━━━ DATASET ENTRIES
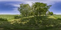 A picturesque rural landscape in Germany, with a field filled with trees and lush green grass. The bright blue sky and fluffy cumulus clouds create a stunning contrast. The perfect European open space.
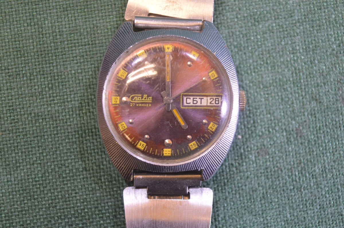 Часы наручные мужские "Слава", 27 камней. Календарь. Нужен небольшой ремонт.
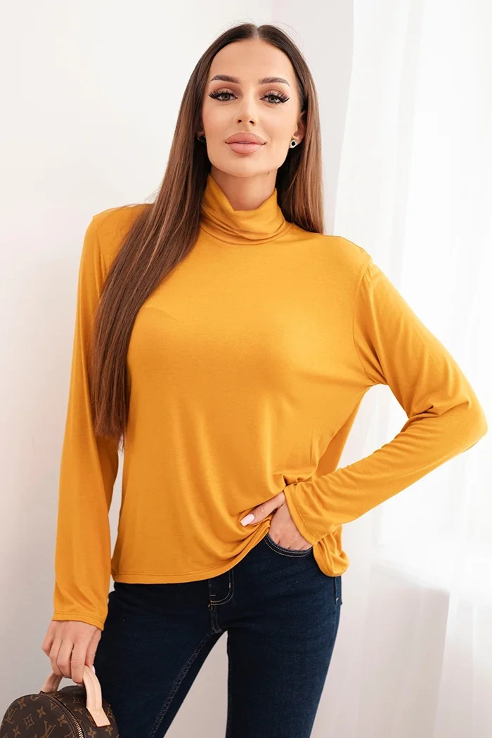 Dámská viskózová blůza s rolákem a dlouhým rukávem hořčicová
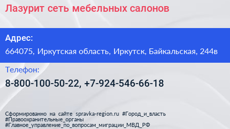 Лазурит, сеть мебельных салонов по адресу 664075, Иркутская область, Иркутск, Байкальская, 244в в дальнейшем Организация, размещена в следующих категориях:
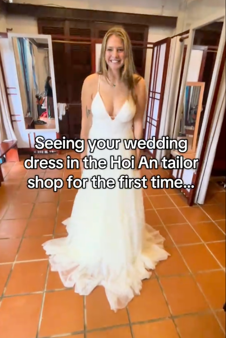 Rất nhiều cặp đôi đã đến Hội An để may váy cưới, vest cưới cho ngày trọng đại của mình. Đa phần các cô dâu sẽ chọn những kiểu dáng chữ A nhẹ nhàng, ôm lấy vóc dáng của cô dâu. (Nguồn: @blueeyetailor)
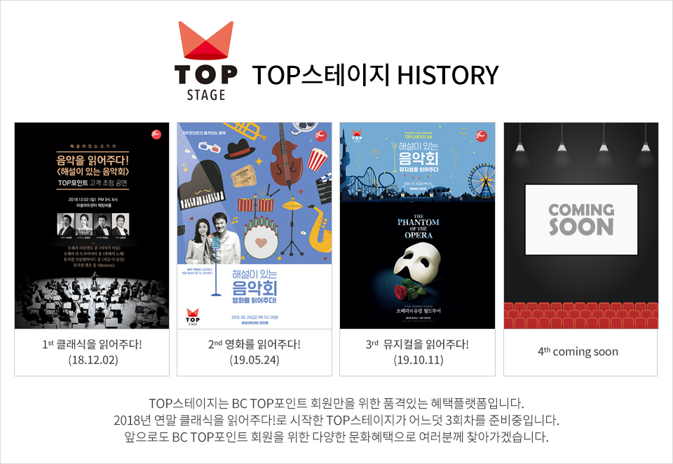 앞으로도 BC TOP포인트 회원을 위한 다양한 문화혜택으로 여러분께 찾아가겠습니다.
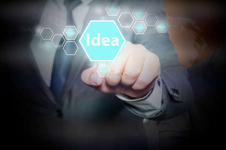 Businessman pressing button on touch screen interface and select idea. business concept.
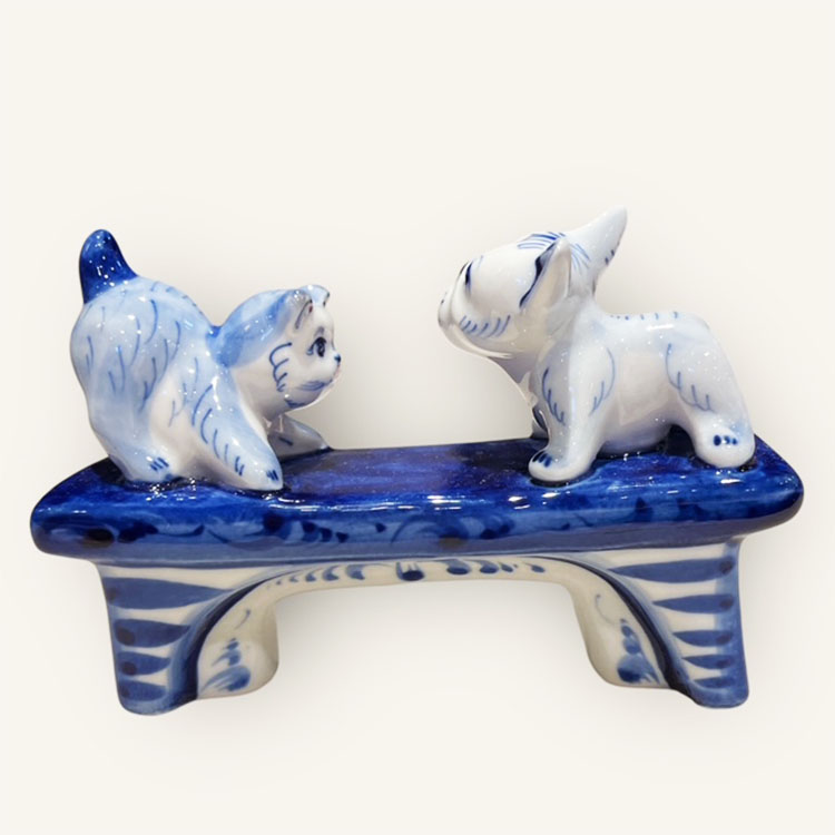 犬と猫の性格をとってもよく表しているようなポーズのクスッと笑える置き物。
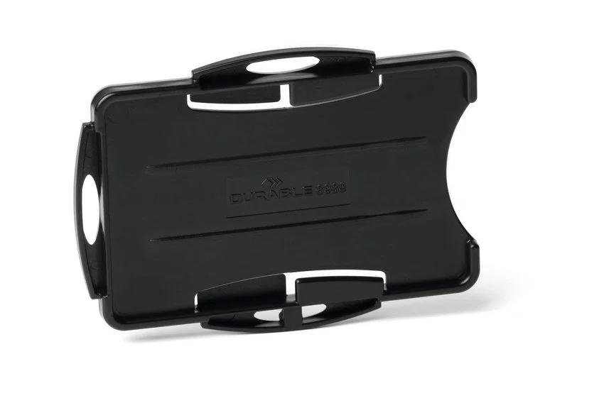 Etui w czarnym kolorze do 2 kart magnetycznych lub identyfikacyjnych bez zapięcia z serii ECO wyprodukowane w 80% z surowców recyklingowanych.
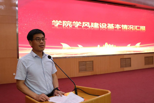 会议第一环节,党委副书记范小平做学院学风建设基本情况的汇报。范小平分别从学院领导班子亲自带头、员工思政教育、科技竞赛、公寓管理、班级文化建设等方面对学院学风建设情况进行了全面的梳理,总结了公司在过去一年在学风建设过程中所取得的成绩和经验,同时为公司下一步进行学风建设工作提出了目标和期望。
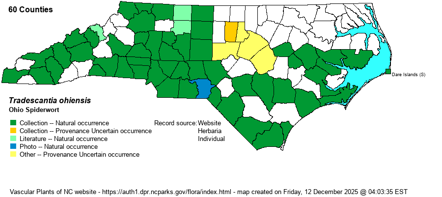 | Distribution | Present throughout the Mountains and the western two-thirds of the Piedmont. The range extends eastward toward the central coast, where it occurs from there southward. It is essentially absent from the northern parts of the Coastal Plain, and of uncertain provenance in the northeastern Piedmont. Plants in the Sandhills proper all are from disturbed habitats and so Ohio Spiderwort may not be native there.
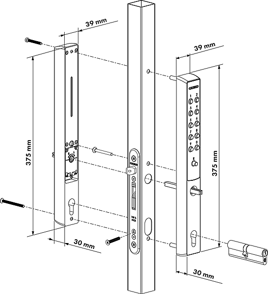 | Dubbelzijdig codeklavier of enkelzijdig (vrije uitgang) met afdekplaat | |
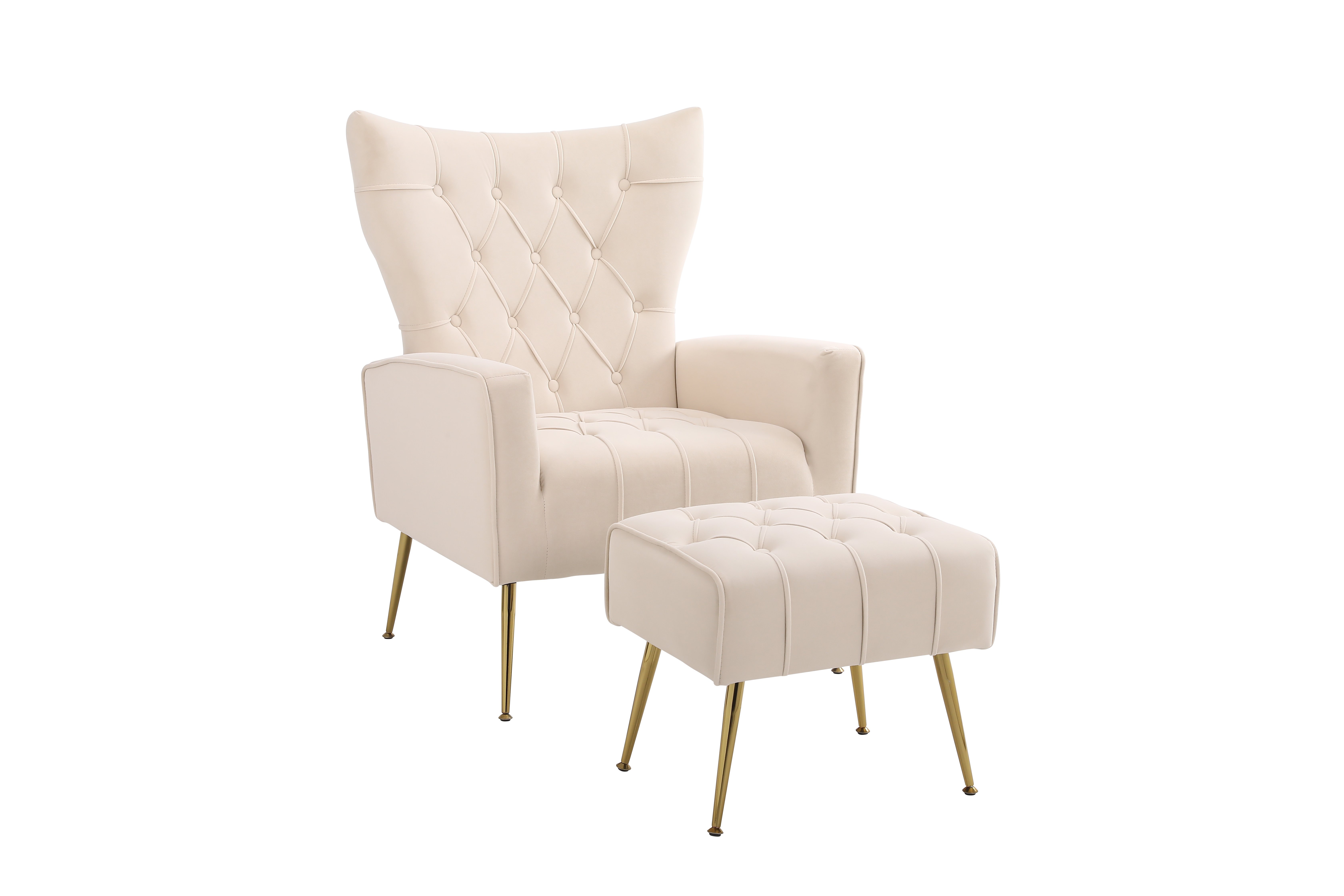 Modern Accent Chair with Ottoman, Comfy Armchair for Living Room, Bedroom, Apartment, Office (Beige)
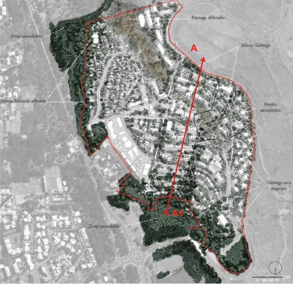 Le terrain concerné est encore une savane et se situe juste au dessus de l’Ermitage du côté montagne de l’ancienne route nationale, la RN1A, face au quartier de l’Oeil de Boeuf. Ce projet disruptif de tous les discours de protection de l’environnement a pris tout le temps nécessaire pour avancer. En 2011, le Schéma d’aménagement régional (SAR) a classé le terrain en zone d’urbanisation prioritaire ce que le Plan local d’urbanisme (PLU) de Saint-Paul a confirmé l’année suivante.
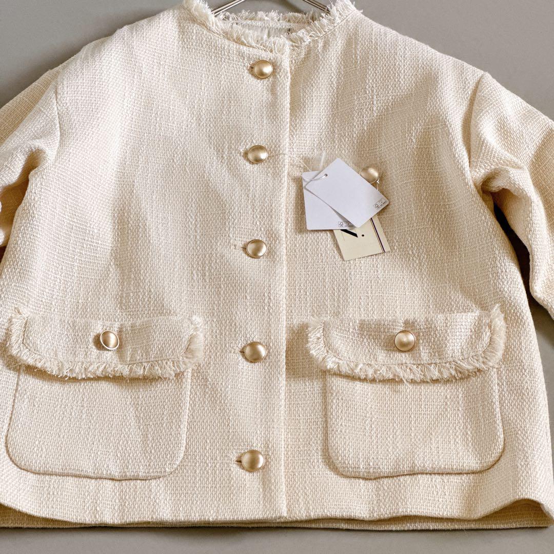 ツイード ジャケット ノーカラー フォーマル きれいめ 金ボタン
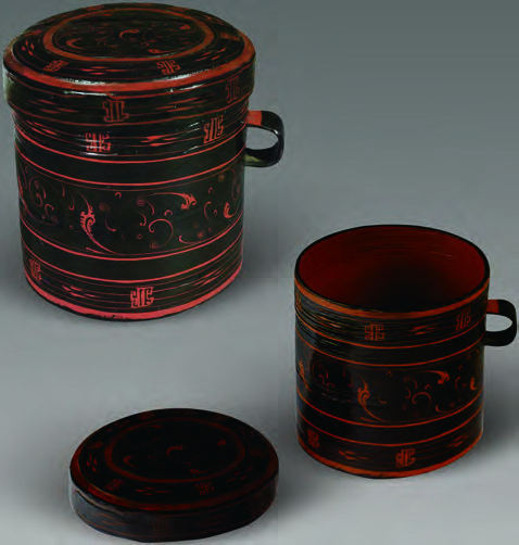 卮通高16、口径15.2厘米。木胎、筒状,一侧设圆鋬,上置扁平盖。器外满髹黑漆地,朱漆绘大幅气纹。漆卮造型优美,纹饰清丽,是汉代实用漆器的精品。
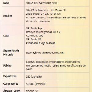 Utilidade doméstica A Abup Home & Gift reune 300 fabricantes de decoração, presentes e utilidades domésticas. Data: 21 de fevereiro Horário: 8h às 20h Local: São Paulo Expo – Rod. Imigrantes, km 1,5. São Paulo Informações: www.abup.com.br Fonte: http://bit.ly/2EY6RYa
━━━━━━
**TASK ITEM:**
Among the entries above, copy exactly the stretch from the line holding "앞으로도 BC TOP포인트" through the line holding "卮通高16、口径15.2厘米", leaving out any pictures.

**RESPONSE BELOW:**
 앞으로도 BC TOP포인트 회원을 위한 다양한 문화혜택으로 여러분께 찾아가겠습니다.
 Businessman pressing button on touch screen interface and select idea. business concept.
 犬と猫の性格をとってもよく表しているようなポーズのクスッと笑える置き物。
 Etui w czarnym kolorze do 2 kart magnetycznych lub identyfikacyjnych bez zapięcia z serii ECO wyprodukowane w 80% z surowców recyklingowanych.
 会议第一环节,党委副书记范小平做学院学风建设基本情况的汇报。范小平分别从学院领导班子亲自带头、员工思政教育、科技竞赛、公寓管理、班级文化建设等方面对学院学风建设情况进行了全面的梳理,总结了公司在过去一年在学风建设过程中所取得的成绩和经验,同时为公司下一步进行学风建设工作提出了目标和期望。
 | Distribution | Present throughout the Mountains and the western two-thirds of the Piedmont. The range extends eastward toward the central coast, where it occurs from there southward. It is essentially absent from the northern parts of the Coastal Plain, and of uncertain provenance in the northeastern Piedmont. Plants in the Sandhills proper all are from disturbed habitats and so Ohio Spiderwort may not be native there.
 | Dubbelzijdig codeklavier of enkelzijdig (vrije uitgang) met afdekplaat | |
 Modern Accent Chair with Ottoman, Comfy Armchair for Living Room, Bedroom, Apartment, Office (Beige)
 Le terrain concerné est encore une savane et se situe juste au dessus de l’Ermitage du côté montagne de l’ancienne route nationale, la RN1A, face au quartier de l’Oeil de Boeuf. Ce projet disruptif de tous les discours de protection de l’environnement a pris tout le temps nécessaire pour avancer. En 2011, le Schéma d’aménagement régional (SAR) a classé le terrain en zone d’urbanisation prioritaire ce que le Plan local d’urbanisme (PLU) de Saint-Paul a confirmé l’année suivante.
 ツイード ジャケット ノーカラー フォーマル きれいめ 金ボタン
 卮通高16、口径15.2厘米。木胎、筒状,一侧设圆鋬,上置扁平盖。器外满髹黑漆地,朱漆绘大幅气纹。漆卮造型优美,纹饰清丽,是汉代实用漆器的精品。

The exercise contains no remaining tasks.